What I actually expect (the honest part)

If you've read the first post, you know the prior: most price-only rules do not beat buy-and-hold, and few carry a stable edge. I expect the majority of these twelve to be noise. The crowding-reversal arenas (marked ★) have the most support because crowding reversal is the single cross-sectional edge that survived a strict coin-and-time holdout in my research; the rest are hypotheses I'm testing precisely because I don't know.

The point of running them isn't to find a money printer. It's to answer a clean question — does trade selection via a mechanical rule beat a free-running committee, and which rule, if any — with a real, forward, no-lookahead experiment where you can watch every entry, every exit, and every honest scoreboard update. Some of these will be flat or down. Telling you that is the product.

You can watch all of it

Every arena above is live and public: the committee's reasoning, each trade, the auto-selected exit, and the scoreboard against buy-and-hold. If the rewritten pyramid strategy keeps giving back gains, you'll see that too. And if you want to test your own idea, the mechanical-rule box takes a sentence — bring an entry rule and watch it get stress-tested the same honest way.

Open the arena →


FAQ

Why did the AI strategy give back its gains?

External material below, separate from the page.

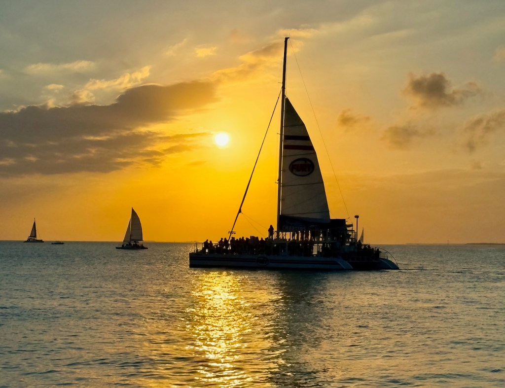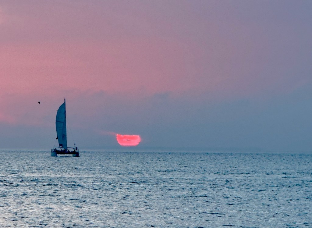 As a result of the low winds there were not many sail boats nearby at sunset.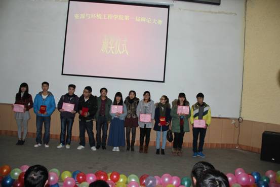 此次大赛,征得全院学生数份文章,学生们畅所欲言,深深表达出对地质专业的喜爱与未来地质工作的向往。最终,评委老师们经过初评、复评、终评三个阶段评选出优秀文章。陈明丽同学以积极创新的思维方式从众多投稿学生中脱颖而出荣获一等奖,罗涛、朱志春两名同学荣获二等奖,赵丹等三名同学荣获三等奖,孙孔丽等四名同学荣获优秀奖。颁奖仪式于12月9日与资环学院辩论大赛颁奖仪式一起在逸夫学术报告厅进行,资环学院领导及教师为获奖同学颁发荣誉证书及奖品。

It peaked at +17% during a trending move, then gave back to +8% over two weeks of range-bound Bitcoin. A frequently-trading committee gets ground down by whipsaws in a sideways market — many small stop-outs, no trend to ride. With a 47% win rate and no trend to carry the winners, costs and reversals ate the edge.

What is a "mechanical rule" here?

A plain-English entry condition you inject into an arena. It's parsed into deterministic indicators — moving averages, RSI, support/resistance distance, ATR, Bollinger bands, volume, crowding ratios — and evaluated with no lookahead, so entries follow a repeatable rule rather than the committee's mood alone.

What is a two-layer pyramid (scale-in)?

It enters in tranches at progressively better prices: it opens on a trend-aligned pullback to support, then adds up to two more tranches if price moves further into the level, averaging the entry. To let the ladder fill, the tight stop is replaced by a wide disaster stop — so per-trade drawdowns are larger by design.

Does trading less actually improve results?

Only if the trades you skip were the low-quality ones. The bet is that a trend filter plus a structural entry removes the whipsaw trades a frequent strategy takes in a sideways market. Whether that improves risk-adjusted returns is exactly what the live experiment is meant to answer — it's a hypothesis, not a proven result.

Is this profitable, or should I copy it?

This is paper trading and research, not investment advice. The sample is tiny and the window is short. Past performance — especially a couple of weeks of it — is not indicative of anything. The platform's value is honest evaluation, not a guarantee of profit.


Research and paper-trading. Not investment advice. Past performance is not indicative of future results.